> What you have to do
Unless it is a picture, every line from the start of the entries through the line with "outfit04, dress, one-piece" must be retyped exactly.
------ Data supplied ------
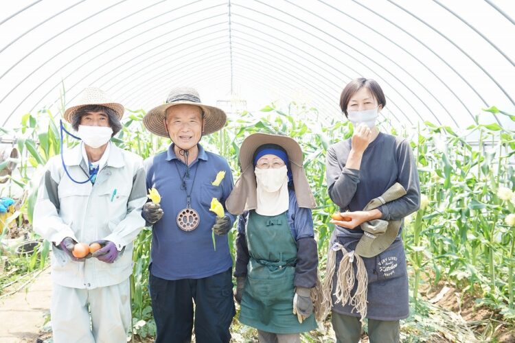愛情をこめて野菜を育てている農園スタッフの松田さん、木村さん、丸山さん、迫さん(左から順に)。「野菜、おいしかったよ、きれいだったよと料理長から言われると、うれしいですね」
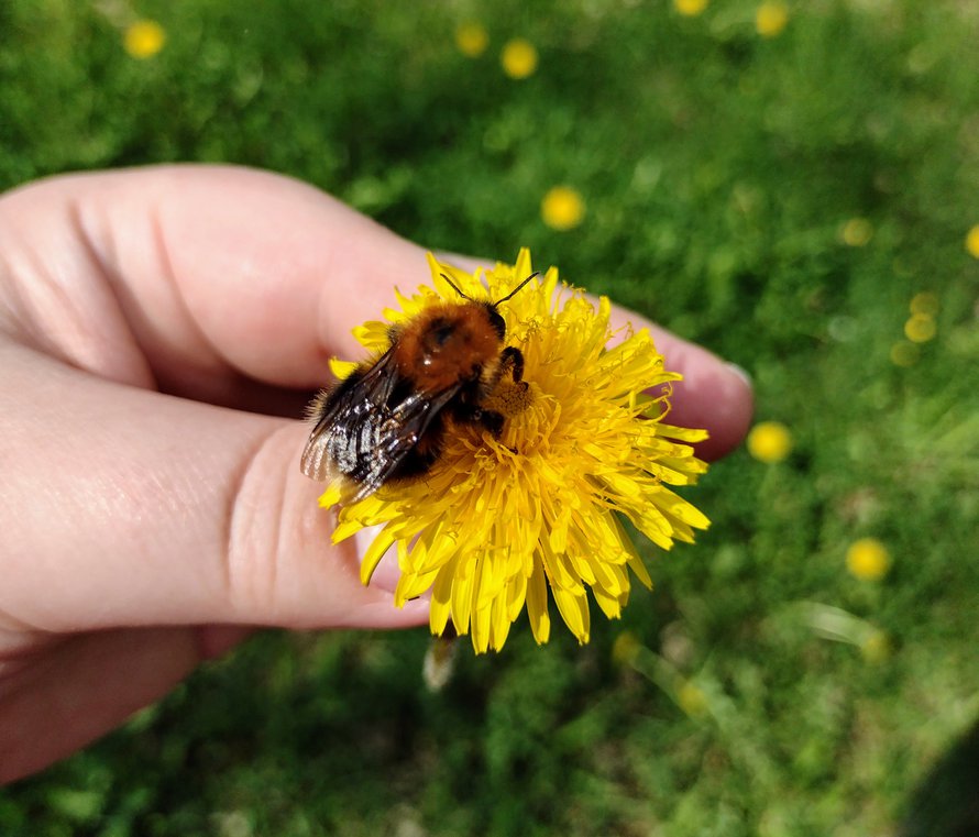 Kimalainen käveli hiljattain kuumana päivänä uupuneena vanhan lapsuudenkotini portailla. Nappasin voikukan ja tarjosin. Hetken lepäsi ja nautti ravintoa, sitten lähti lentoon.
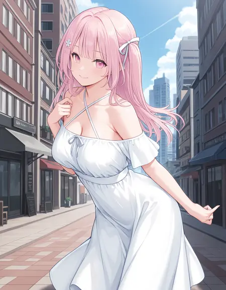 outfit04, dress, one-piece dress, white dress, cross halter neck dress, bow dress, sandals, white sandal, lace up sandal
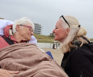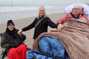 “Mijn moeder wilde graag nog een keertje naar de zee. Haar middelste kleindochter diende het verzoek in bij de wensambulance. Dezelfde dag belden ze al en werd er een datum gepland. Alle mensen die mijn moeder graag om haar heen wilde die dag hadden vrij geregeld en konden allemaal mee. We werden opgehaald door 3 lieve schatten van het wensambulanceteam. Vanaf het moment dat mijn moeder in de ambulance zat begon het genieten voor haar. Ook mijn vader en ik mochten mee met de ambulance. Dat was heel bijzonder. Het was een prachtige dag en mijn moeder heeft enorm genoten. Wij natuurlijk ook. Wat een mooie herinnering. Bedankt lieve vrijwilligers niks was voor jullie teveel. Wensambulance Gelderland wat verrichten jullie fantastisch werk.”
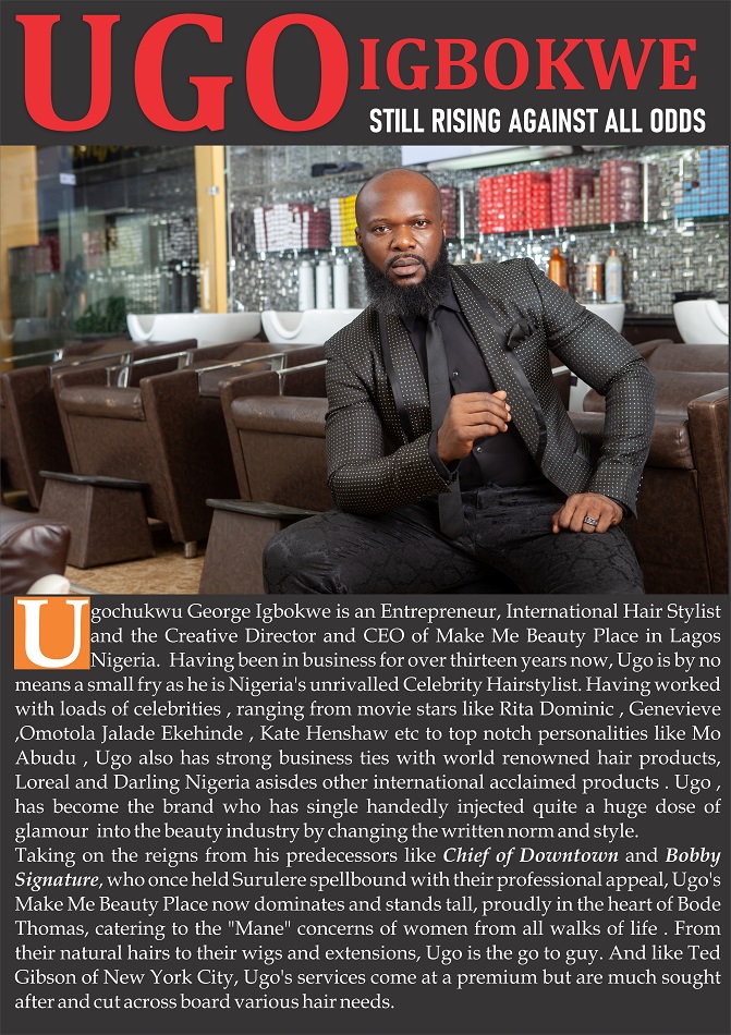 Ugochukwu George Igbokwe is an Entrepreneur, International Hair Stylist and the Creative Director and CEO of Make Me Beauty Place in Lagos Nigeria. Having been in business for over thirteen years now, Ugo is by no means a small fry as he is Nigeria’s unrivalled Celebrity Hairstylist . Having worked with loads of celebrities , ranging from movie stars like Rita Dominic , Genevieve ,Omotola Jalade Ekehinde , Kate Henshaw etc to top notch personalities like Mo Abudu , Ugo also has strong business ties with world renowned hair products – Loreal and Darling Nigeria asisdes other international acclaimed products . Ugo , has become the brand who has single handedly injected quite a huge dose of glamour into the beauty industry by changing the written norm and style .
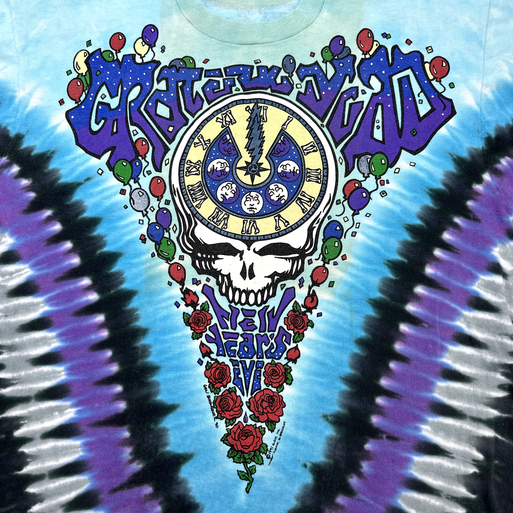 Vintage Grateful Dead Shirt New Years Eve 1991 In The Midnight Hour Single Stitch Capricornus Tie Dye. Original vintage 90s concert tees. Stain around the neck as shown. Pockets No Condition: Well cared for - Nice condition - No Neck size Tag and stain around neck area. Approximate Measurements in final photos. Stretch "Flex" in fabric (other than elastic elements): No Buy More & Save! Combined shipping for US customers - $1.99 each additional item (Add items to shopping cart and discounts will automatically calculate during checkout) * ALL PREOWNED CLOTHING HAS BEEN LAUNDERED PER EBAY'S POLICIES AND STANDARDS.*
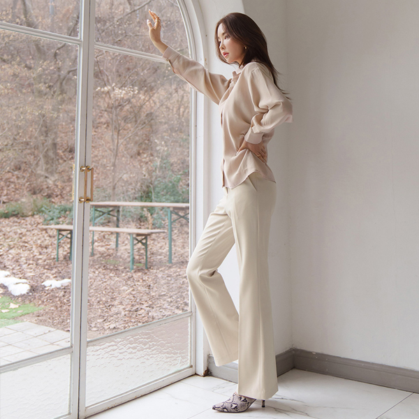 柔丝 侧纽 细褶 斯利姆 罩衫
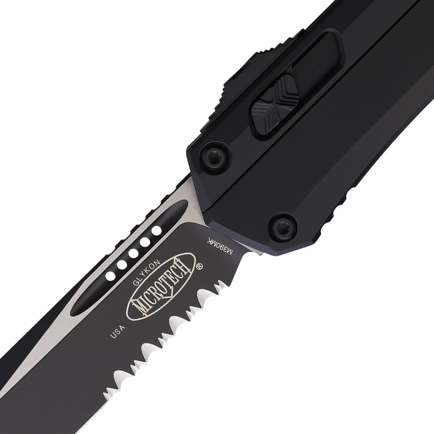 Summary + Microtech Glykon T/E OTF Automatic Knife Black Aluminum/Ti (3.75″” Two-Tone Serr)
------
> Task result
愛情をこめて野菜を育てている農園スタッフの松田さん、木村さん、丸山さん、迫さん(左から順に)。「野菜、おいしかったよ、きれいだったよと料理長から言われると、うれしいですね」
 Kimalainen käveli hiljattain kuumana päivänä uupuneena vanhan lapsuudenkotini portailla. Nappasin voikukan ja tarjosin. Hetken lepäsi ja nautti ravintoa, sitten lähti lentoon.
 outfit04, dress, one-piece dress, white dress, cross halter neck dress, bow dress, sandals, white sandal, lace up sandal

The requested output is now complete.